Sebagaimana dikutip dari Bisnis.com, PMK tersebut ditandatangani Menteri Keuangan Purbaya Yudhi Sadewa pada 16 Maret 2026 dan diundangkan pada 1 April 2026.
Dalam beleid baru ini, pemerintah mengambil alih pembayaran cicilan pembiayaan proyek Koperasi Desa/Kelurahan Merah Putih (KDMP/KKMP). Pembayaran dilakukan melalui skema dana transfer ke daerah, berbeda dengan aturan sebelumnya yang menempatkan koperasi sebagai pihak yang bertanggung jawab atas angsuran.
Selain itu, terdapat perubahan dalam mekanisme penyaluran pembiayaan. Jika pada aturan sebelumnya perbankan dapat menyalurkan pembiayaan langsung ke koperasi sebagai modal awal, kini pembiayaan disalurkan melalui PT Agrinas Pangan Nusantara (Persero) sebagai pelaksana proyek. Penyaluran ini difokuskan pada pembangunan fisik seperti gerai, pergudangan, serta kelengkapan operasional koperasi.
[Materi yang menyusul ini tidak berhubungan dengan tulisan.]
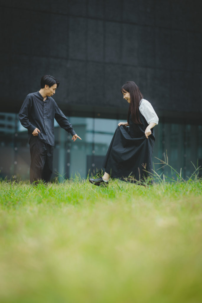 美術館の外周りにある芝生のエリアでは、私服のおふたりと自然な姿の撮影を行いました。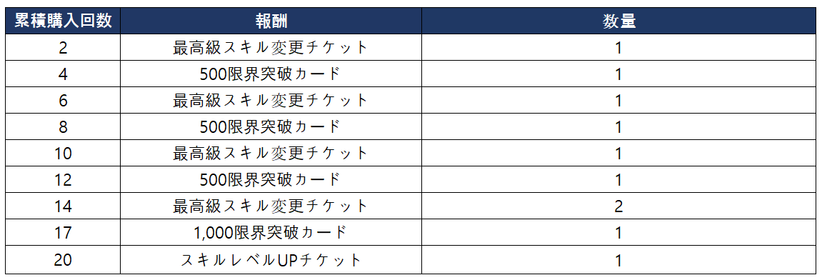 - ビリーのおすすめパッケージの合計購入回数に応じて以下の報酬を獲得できます。

PMK Nomor 15 Tahun 2026 juga mengatur sejumlah ketentuan baru, di antaranya pembiayaan melalui PT Agrinas Pangan Nusantara, fokus penggunaan dana untuk infrastruktur operasional koperasi, serta perubahan skema pembayaran utang yang kini ditanggung negara melalui dana transfer seperti Dana Alokasi Umum (DAU), Dana Bagi Hasil (DBH), dan dana desa.
Selain itu, masa tenggang pembiayaan diperpanjang menjadi 12 bulan dengan tenor pinjaman hingga 6 tahun. Plafon pembiayaan ditetapkan maksimal Rp3 miliar yang kini dihitung per gerai, bukan lagi per koperasi.
Perubahan signifikan juga terjadi pada skema pembayaran utang. Dalam PMK Nomor 49 Tahun 2025 sebelumnya, dana transfer daerah hanya berfungsi sebagai dana talangan jika koperasi tidak mampu membayar kewajiban. Namun dalam PMK terbaru, kewajiban angsuran pokok dan bunga diambil alih oleh pemerintah.
Mekanisme pembayaran dilakukan melalui pemotongan DAU atau DBH setiap bulan untuk koperasi kelurahan, serta melalui alokasi dana desa yang dibayarkan setiap tahun untuk koperasi desa.
Dampak lain dari perubahan ini adalah status kepemilikan aset. Jika sebelumnya aset hasil pembiayaan menjadi milik koperasi dan dijadikan jaminan, kini seluruh aset berupa gerai, pergudangan, dan kelengkapan operasional yang dibangun melalui skema tersebut menjadi milik pemerintah daerah atau pemerintah desa.